Uno es demasiado exigente, hay que admitirlo, y ya se sabe que no hay peor crítica que la del propio autor, de modo que no podía saber si mi sospecha tenía sentido o eran puras majaderías autorales. Pero algo debía haber porque esa pareja, igual que otros dos personajes llamados Rafa y Cardozo, siempre retornaban -y vuelven aún, y a cada rato- en forma de deseo escritural. El caso es que en esa novela que yo escribía mentalmente mientras conducía, Clelia y Victorio bajan de aquel globo en plena Pampa santafesina, cerca de la ciudad de Rafaela, decididos a rehacer sus vidas. Victorio ha resuelto comenzar de nuevo junto a esa chica audaz y encantadora, y Clelia, como toda muchacha enamorada, está decidida a todo y a cualquier cosa junto a su hombre. Planean comportarse como ciudadanos normales, como una pareja que va a instalarse tranquilamente en algún lugar, donde acaso fundarán una familia. Victorio ya ha pasado los cincuenta y casi dobla en edad a Clelia, que además parece su hija, pero se aman y se ríen de ellos mismos y de los prejuicios de la gente que adora fantasear sobre los veteranos que se meten con chicas que podrían ser sus hijas y/o sobre las muy degeneraditas que se enganchan con viejos verdes. Por ahí va la novela, hasta que de pronto la maldita policía se les cruza en el camino: los confunden con ladrones fugitivos, los persiguen, algo sale mal y la vida se les complica.
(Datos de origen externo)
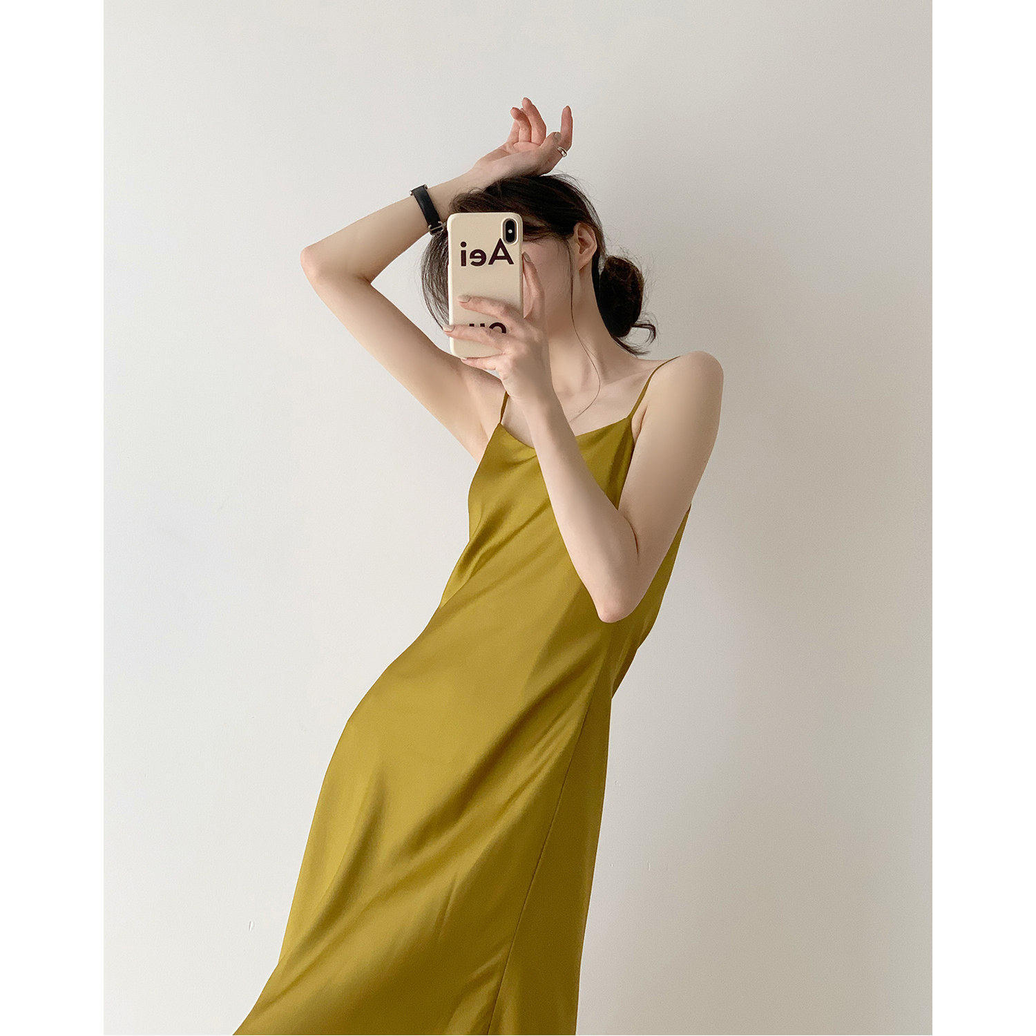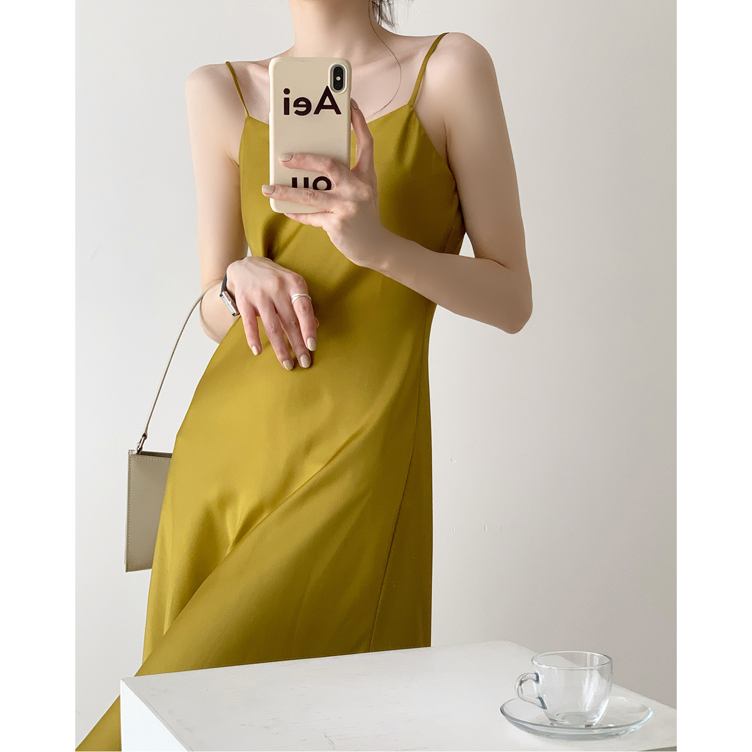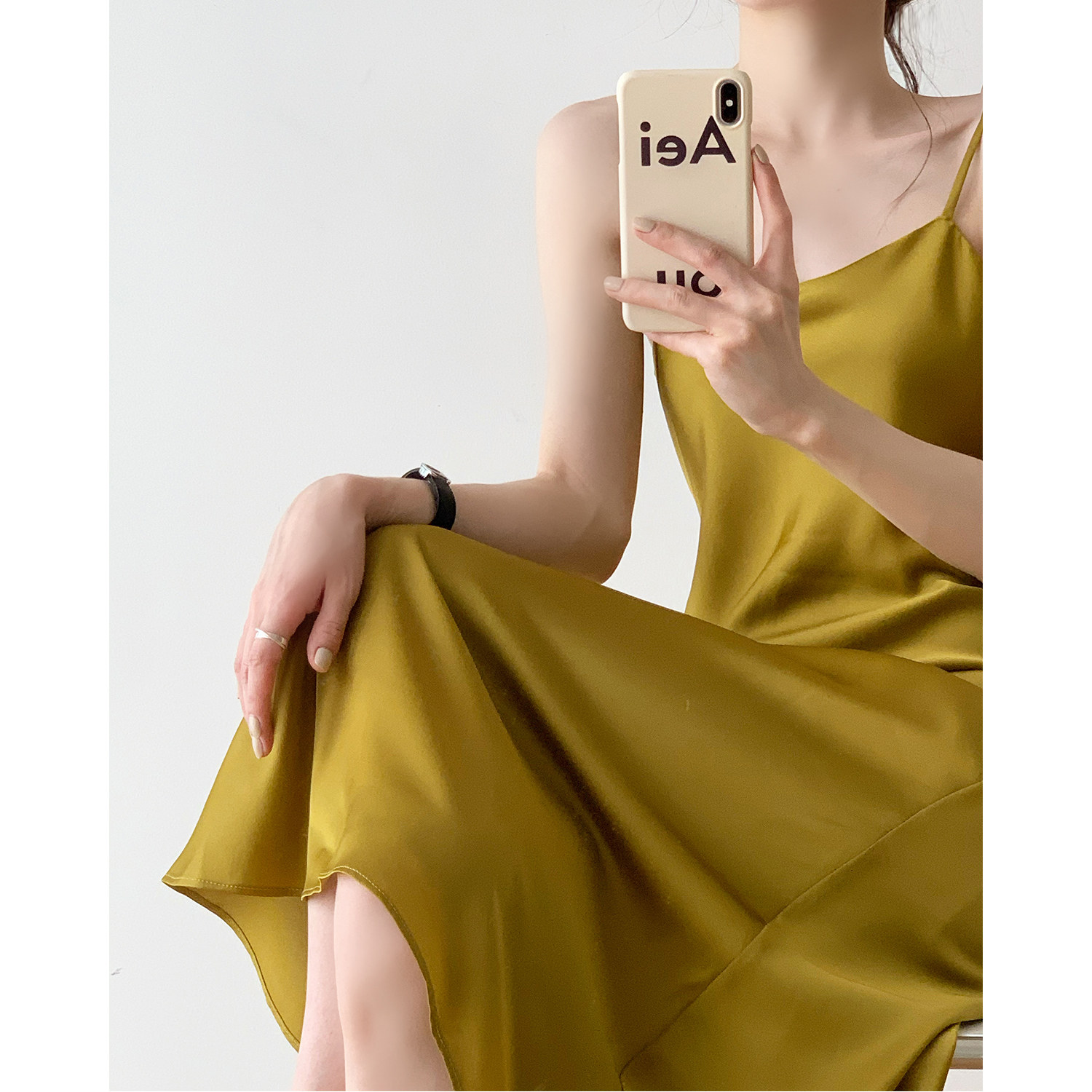 Careful machine sexy suspender skirt female French retro V-neck temperament long skirt chic satin dress spring and summer

Entonces Victorio roba un coche y se lanzan hacia el sur y ya no pueden parar. En dos días llegan a la Patagonia, siempre huyendo de las policías provinciales, y así inician un viaje que -desde luego- yo aún debía escribirlo porque nosotros mismos apenas lo estábamos comenzando.
Todos los preparativos fueron importantes, pero nada me excitaba más que la perspectiva de acabar esa novela. Fernando, por su parte, llevaba su propia libreta de apuntes y a cada rato gatillaba sus cámaras, y yo sabía -me daba cuenta- de que además de todo lo que he dicho, para nosotros el viaje no dejaba de ser sino un juego fascinante, una aventura de dos hermanos que se eligieron en la vida. Y sabía, además, que se trataba de indagar en lo que se podría llamar la poética del viaje.
¿Qué es un poema sino miedo,
trompetazo, pétalo,
incorpórea genealogía?
¿Qué es la poesía
sino la emoción violenta
que produce el punto de partida
hacia lo nunca visto, lo improbable
o el ocaso?
¿Cuál es el verso final,
el imprecisable verso final
que sintetiza el ansia del regreso?
¿Qué queda del poema, finalmente,
cuando se ha pensado todo,
se ha decidido nada
y apenas sobreviven
preguntas inseguridades soledad fracaso dudas
o sea palabras, sueños, nada?
Nuestra primera escala fue en Mercedes, Corrientes, donde está el dizque «santuario» del Gaucho Gil. Aunque todavía estábamos muy lejos de la Patagonia, esta fue -de hecho- la primera experiencia fuerte del viaje: la figura del «gauchito milagroso», como se lo llama, nos acompañaría durante todo el periplo.